Trois approches néo-institutionnelles du développement dans le monde musulman

F. Talahite :

North (2005) attribue l’échec économique du monde musulman aux institutions et à leur incapacité à promouvoir l’adaptation à l’environnement et l’innovation. Il fait remonter cet échec au moyen âge tardif, aux Xe-XIIIe siècles. Pour sa démonstration, il s’appuie sur les travaux d’Avner Greif et Timur Kuran. Le premier, met en œuvre les notions opposées d’échange personnel/impersonnel, de relations formelles/informelles d’échange. Il aborde le changement institutionnel comme un phénomène endogène à la communauté, fondé sur les comportements individuels, et utilise la théorie des jeux pour le modéliser, dans une démarche se rapprochant de celle de Aoki (2001). Tandis que North et Kuran privilégient une approche globale ou systémique. North s’inscrit dans le temps long de l’histoire de l’humanité qu’il traite à l’échelle planétaire. Il intègre la culture à travers les notions de ‘croyance comportementale’ et d’’héritage cognitif’. Ces trois auteurs partagent le projet de décrire et expliciter le lien entre culture et développement économique, ainsi que la méthode de comparaison historique. Ils convergent dans leur tentative de définir un cadre conceptuel rigoureux pour l’analyse institutionnelle du développement économique. Cependant, leurs démarches sont très différentes, de par les cadres analytiques qu’ils construisent et les résultats auxquels ils aboutissent. Nous nous attachons à décrire et comparer ces trois démarches. Nous les interrogeons du point de vue de l’état des connaissances historiques et de l’analyse institutionnelle comparée du développement.
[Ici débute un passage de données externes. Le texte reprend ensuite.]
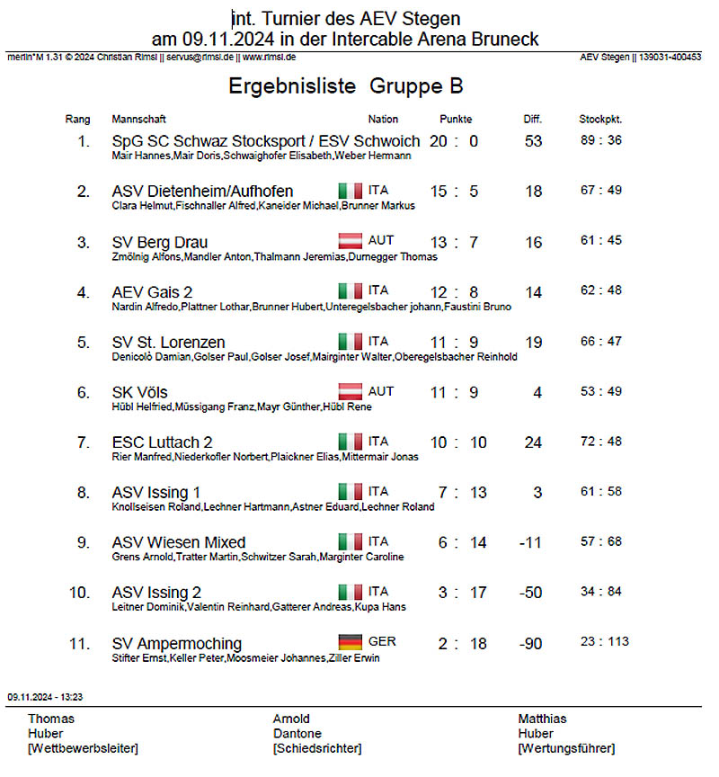 < Ergebnisse Herren > < Ergebnisse Damen > < Ergebnisse Senioren > < Ergebnisse Mixed > < Ergebnisse Jugend >
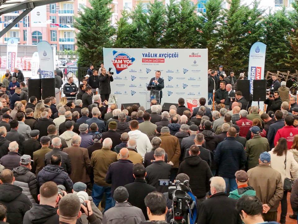 Silivri’de, İBB ve Silivri Belediyesi ortaklığıyla Yağlık Ayçiçeği Tohum Dağıtımı Töreni yapıldı. Törende konuşan İBB Başkan Vekili Nuri Aslan, herkese İstanbul Büyükşehir Belediye Başkanı Ekrem İmamoğlu’nun selamını getirdiğini söyledi.
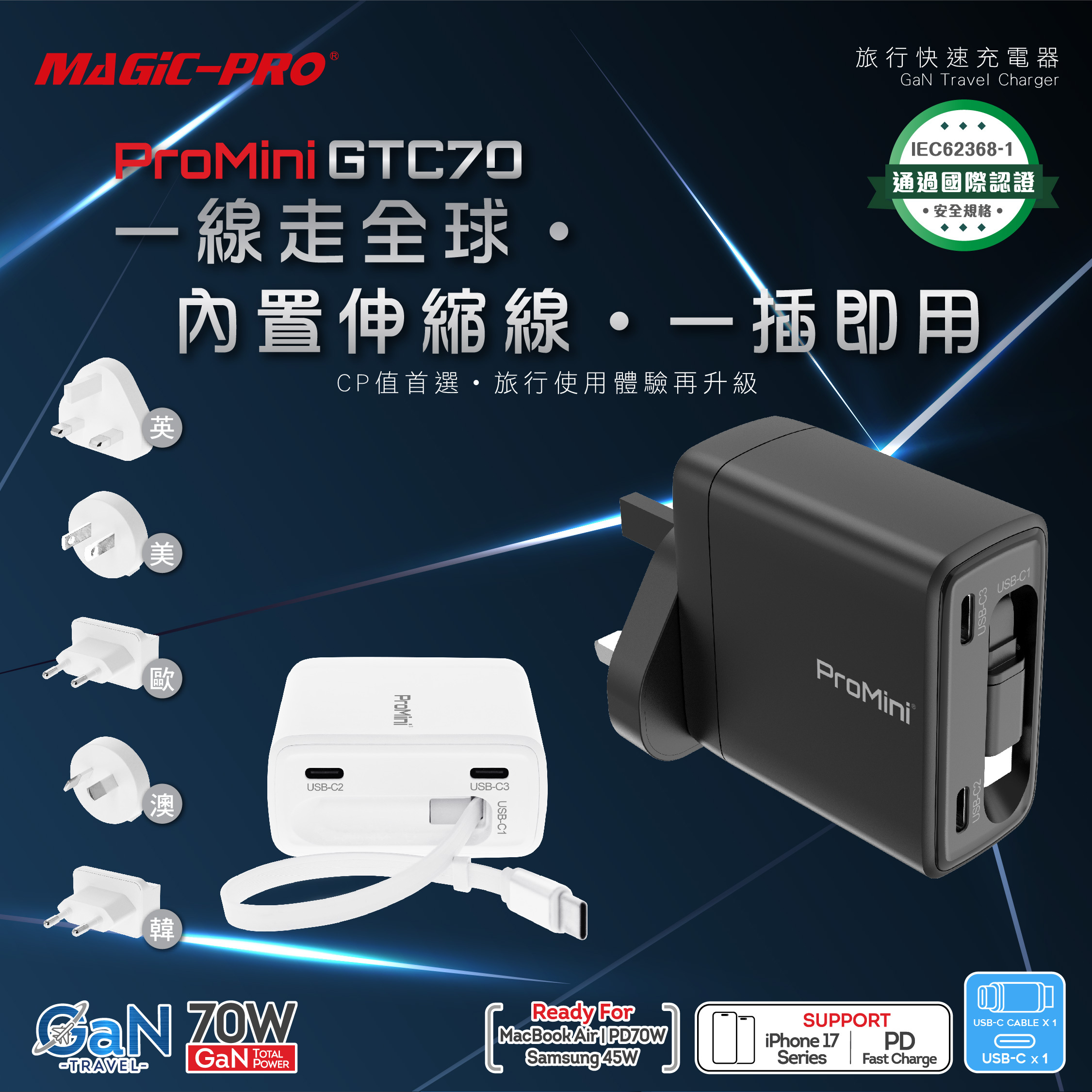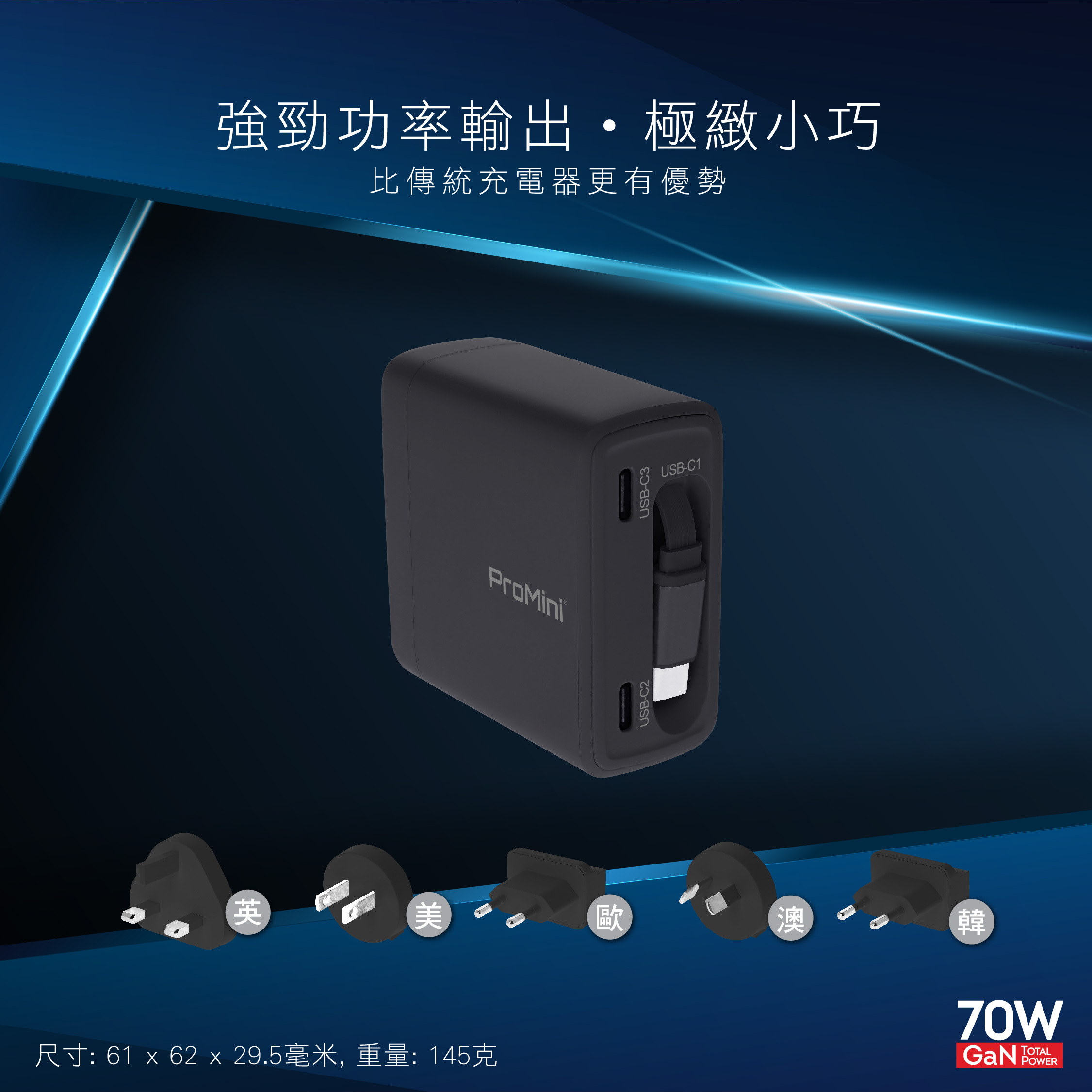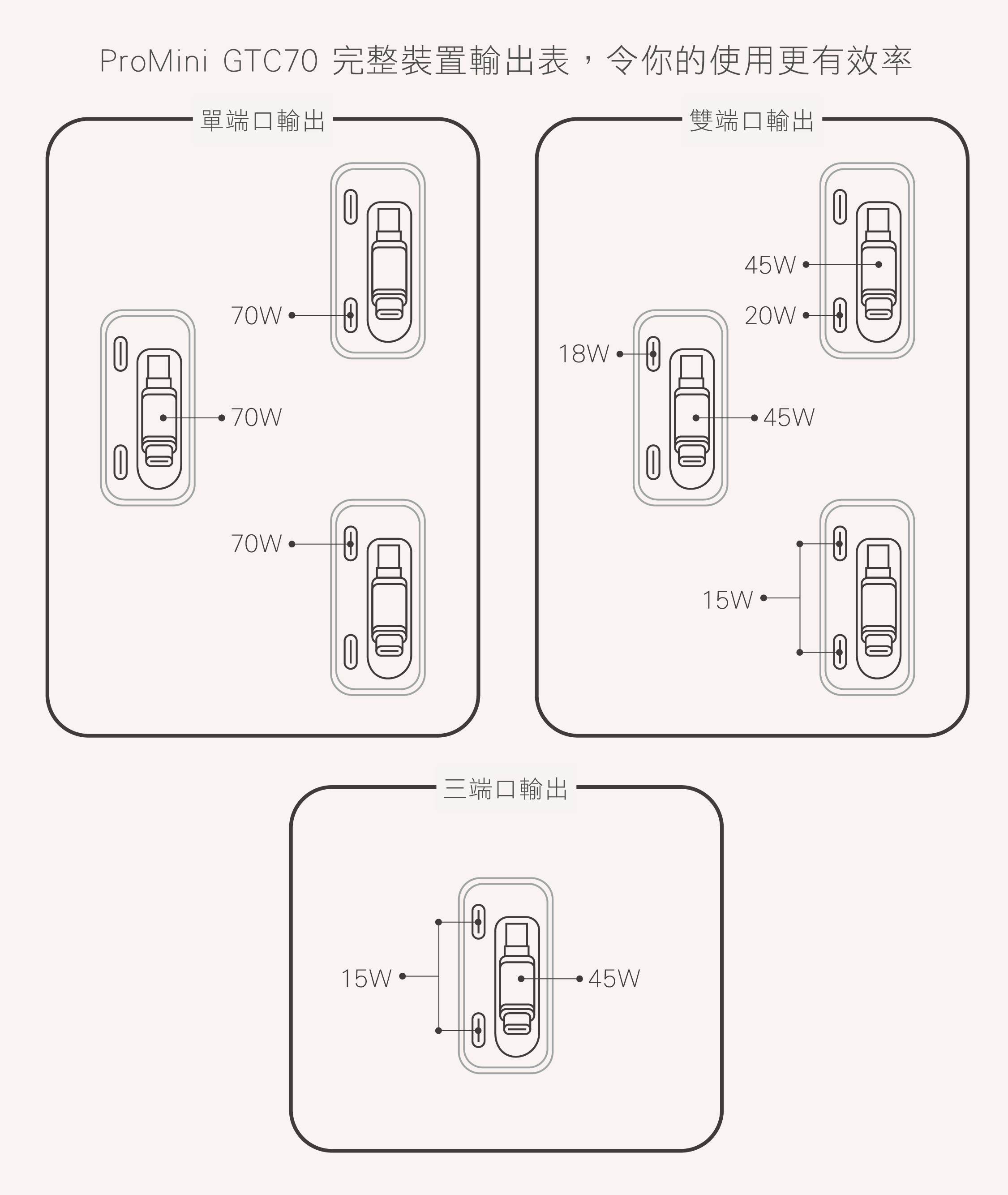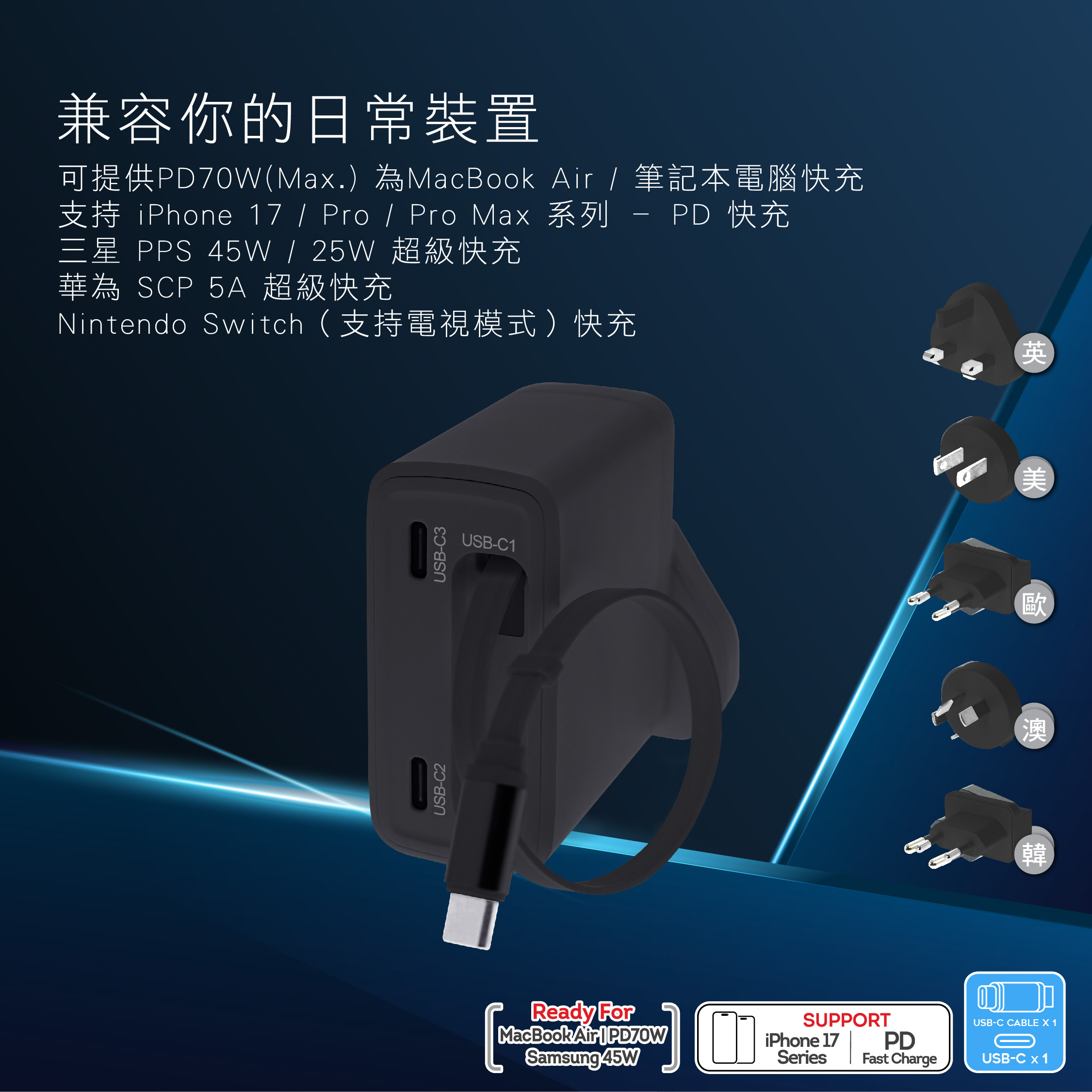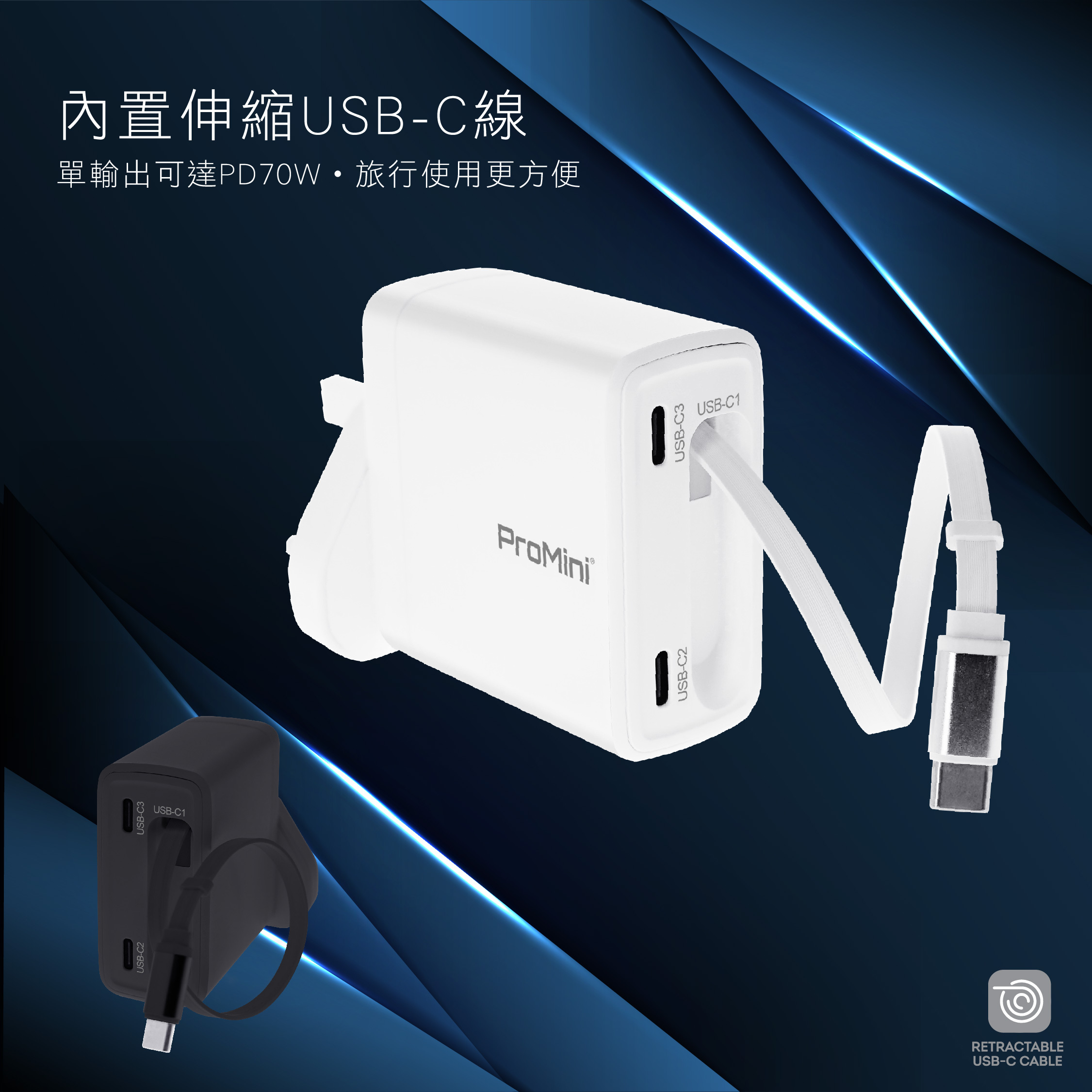 三輸出, 內置伸縮USB-C線- 單輸出C1線-70W,C2-70W,C3-70W

Nous réfléchissons enfin aux perspectives d’approfondissement : en intégrant l’idée d’une diversité institutionnelle constitutive de l’histoire ; en proposant, au lieu d’une approche en termes de performance économique (évaluée à travers le taux de croissance du PIB, ce qui pose problème à une telle échelle historique), une caractérisation plus complexe et nuancée de la marche des économies et des sociétés. [halshs-00203636]

Les maires des petites communes face aux enjeux de la diversification du monde rural

Cette enquête est résumée de la manière suivante par ses auteurs, J.-Y. Nevers et R. Bages :

Cette étude présente les résultats d’une enquête réalisée en 1996 à l’aide d’un questionnaire postal adressé à un échantillon représentatif de maires des communes de moins de 2500 habitants de la région Midi-Pyrénées. Le présent document décrit successivement : 1) les équipes municipales, 2) les élections, les compétitions électorales et le renouvellement des élus, 3) les problèmes de la gestion communale, 4) les attitudes et les choix des maires dans le domaine de la coopération intercommunale, 5) l’opinion des maires sur la décentralisation. Les résultats de l’enquête sont comparés à ceux d’une précédente étude réalisée en 1984. [halshs-00216201]

Cette enquête est très agréable à feuilleter : elle est très bien présentée, énoncée de manière claire (un principe méthodologique très débattu en sociologie, mais je m’engage discrètement en sa faveur ici). Certains résultats, sur la participation des femmes notamment, sont très intéressantes.